MIFF 2011: Melancholia
July 24th 2011 00:56
I didn’t hate Melancholia. There’s only one other Lars von Trier film I can say the same about - Breaking the Waves (1996). For the provocative director’s latest film, a drama that wavers between brilliance and stretches of tedium, he’s assembled a first rate cast for an opening that takes place at a post-wedding reception on an opulent estate. Though Justine (Kirsten Dunst) has just tied the knot, not all is well. She’s suffering from an undefined malaise, a strange psychological state that increasingly threatens to spoil the celebrations.
In time clarification comes from the sci-fi context von Trier encapsulates his story in: a planet named Melancholia has emerged from behind the sun and threatens extermination should its path cross that of Earth. Justine‘s mental deterioration, an acute melancholia it would seem, intensifies as the disaster becomes imminent.
Dunst has perhaps never given a better performance, especially through the film’s first half. But character’s apathy becomes alienating and less empathetic as she fades into the background. I’ve never warmed to Charlotte Gainsbourg who plays Justine’s distressed sister Claire; there’s an intellectual aloofness about her that has always made her inaccessible to me. The second half suffers because of this, slowing down and losing focus as she becomes the centre of attention.

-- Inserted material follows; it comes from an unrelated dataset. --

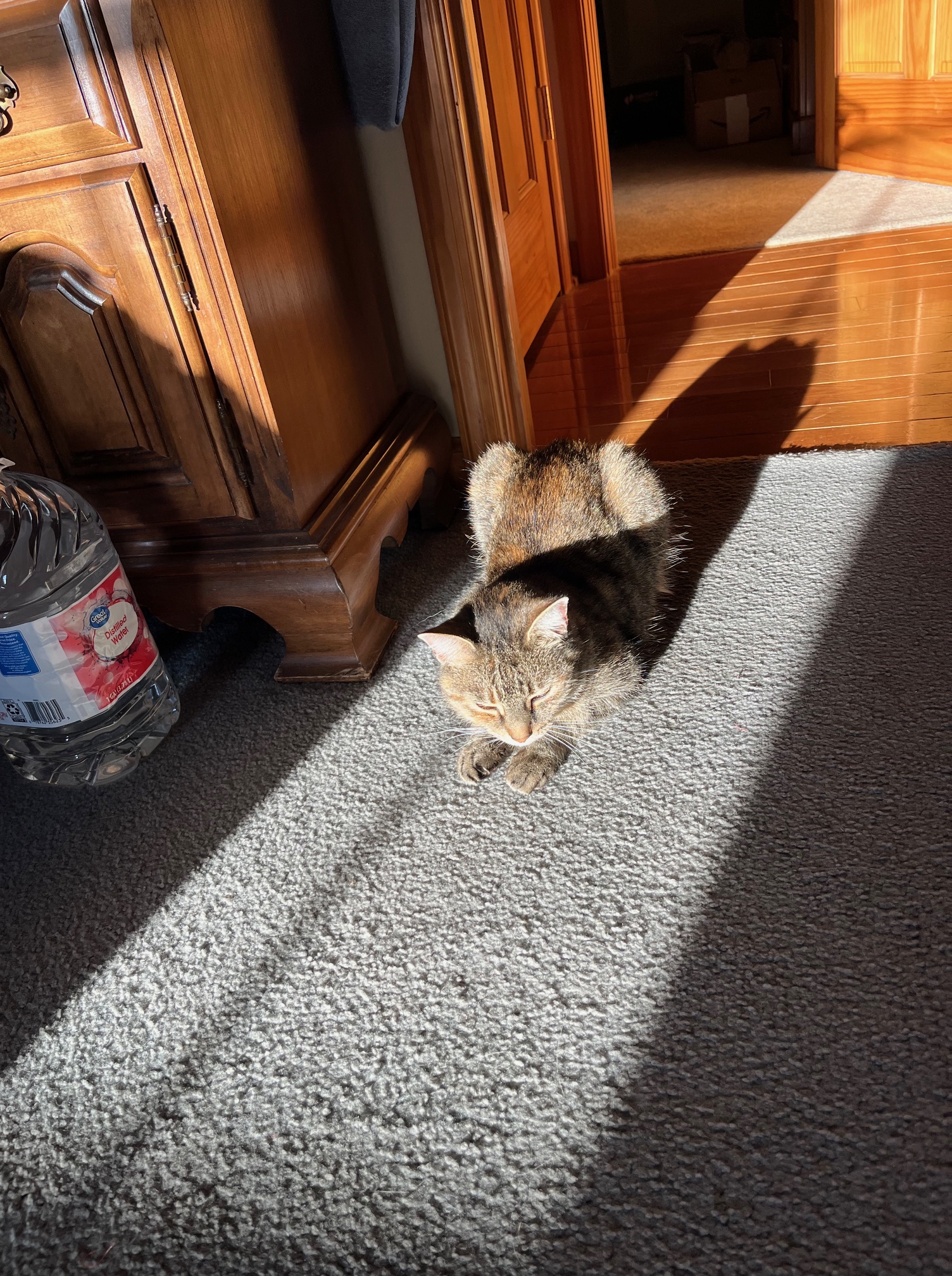 Pumpkin skedaddles to our bedroom (to get out of being in ‘the dog house’) and promptly starts cleaning herself, and then pretends to go into a deep sleep. Which she accomplishes pretty well. I do see her looking slightly exasperated at me when she hears me start up my vacuum.

Von Trier’s often high-minded approach, creating outlandish artistic statements, is thankfully held in check here, though a couple of unnecessary, provocative-for-the-sake-of-it moments couldn’t be resisted. The end result is something far less divisive and audience friendly. Filled with stunning imagery, thanks to D.P. Manuel Alberto Claro, and an overpoweringly beautiful yet bleak final moment, Melancholia (2011) is a very fine but still flawed work.